Task brief:
Please reproduce the data exactly and omit the pictures.

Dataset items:
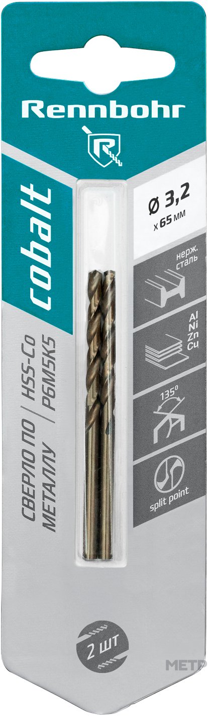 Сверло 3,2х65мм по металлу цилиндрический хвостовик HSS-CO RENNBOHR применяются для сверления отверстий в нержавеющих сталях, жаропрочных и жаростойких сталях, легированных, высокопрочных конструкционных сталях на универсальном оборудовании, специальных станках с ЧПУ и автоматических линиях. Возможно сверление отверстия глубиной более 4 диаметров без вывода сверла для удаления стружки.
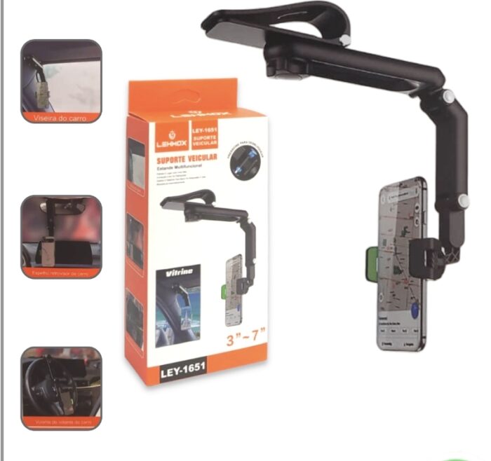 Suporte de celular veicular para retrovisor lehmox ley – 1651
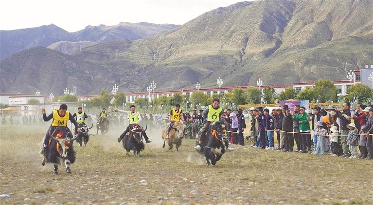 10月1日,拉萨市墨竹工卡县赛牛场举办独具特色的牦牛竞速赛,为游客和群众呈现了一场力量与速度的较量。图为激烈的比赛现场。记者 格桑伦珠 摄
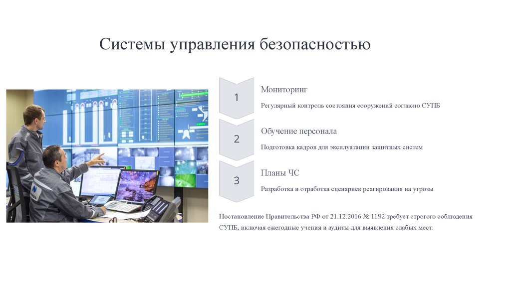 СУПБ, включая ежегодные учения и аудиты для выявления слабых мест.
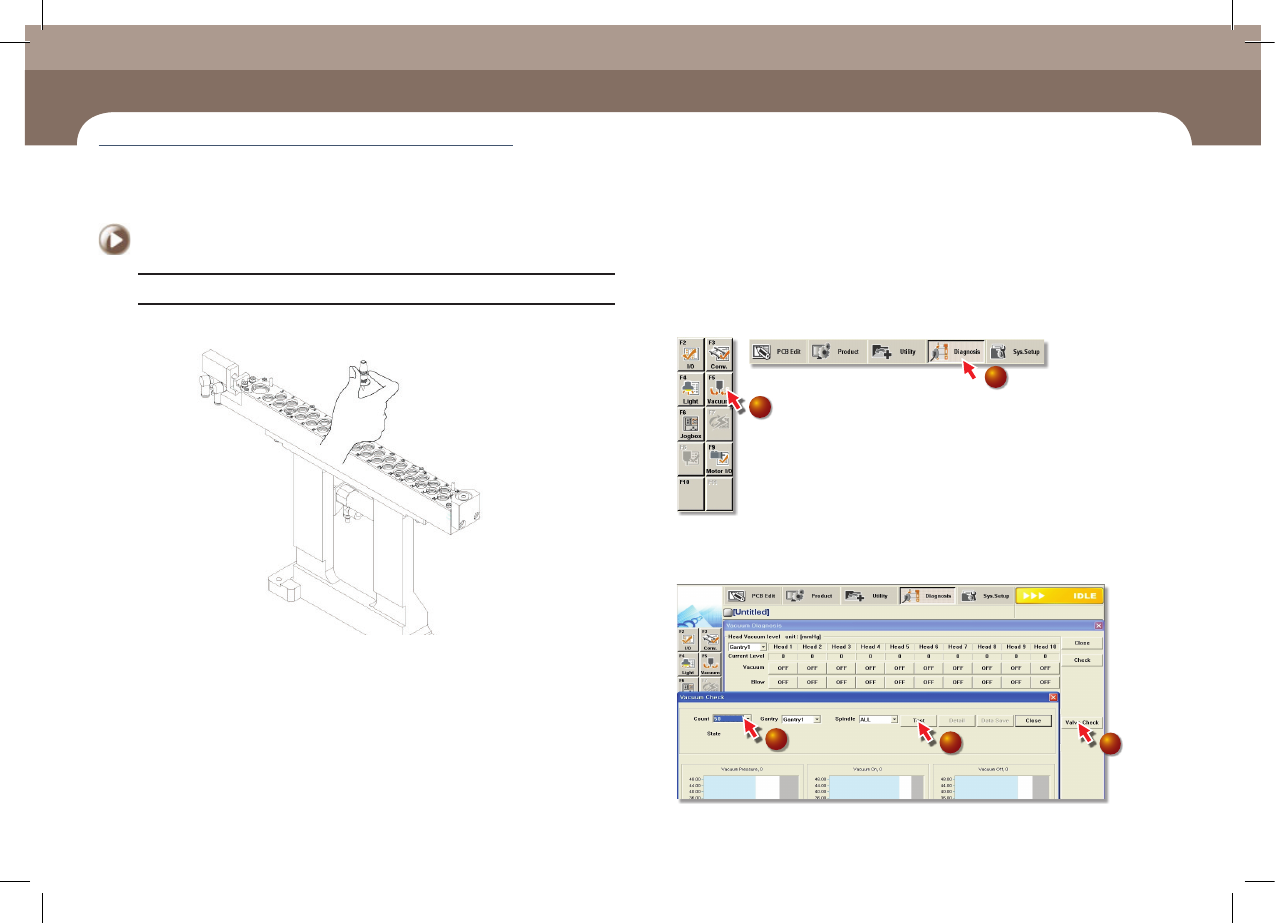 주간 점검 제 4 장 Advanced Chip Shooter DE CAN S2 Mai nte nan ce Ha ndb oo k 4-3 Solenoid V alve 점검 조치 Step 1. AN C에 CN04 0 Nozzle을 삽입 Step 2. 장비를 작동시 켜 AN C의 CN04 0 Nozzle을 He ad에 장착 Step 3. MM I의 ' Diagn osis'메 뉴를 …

Task answer:
 Сверло 3,2х65мм по металлу цилиндрический хвостовик HSS-CO RENNBOHR применяются для сверления отверстий в нержавеющих сталях, жаропрочных и жаростойких сталях, легированных, высокопрочных конструкционных сталях на универсальном оборудовании, специальных станках с ЧПУ и автоматических линиях. Возможно сверление отверстия глубиной более 4 диаметров без вывода сверла для удаления стружки.
 Suporte de celular veicular para retrovisor lehmox ley – 1651
 10月1日,拉萨市墨竹工卡县赛牛场举办独具特色的牦牛竞速赛,为游客和群众呈现了一场力量与速度的较量。图为激烈的比赛现场。记者 格桑伦珠 摄
 СУПБ, включая ежегодные учения и аудиты для выявления слабых мест.
 주간 점검 제 4 장 Advanced Chip Shooter DE CAN S2 Mai nte nan ce Ha ndb oo k 4-3 Solenoid V alve 점검 조치 Step 1. AN C에 CN04 0 Nozzle을 삽입 Step 2. 장비를 작동시 켜 AN C의 CN04 0 Nozzle을 He ad에 장착 Step 3. MM I의 ' Diagn osis'메 뉴를 …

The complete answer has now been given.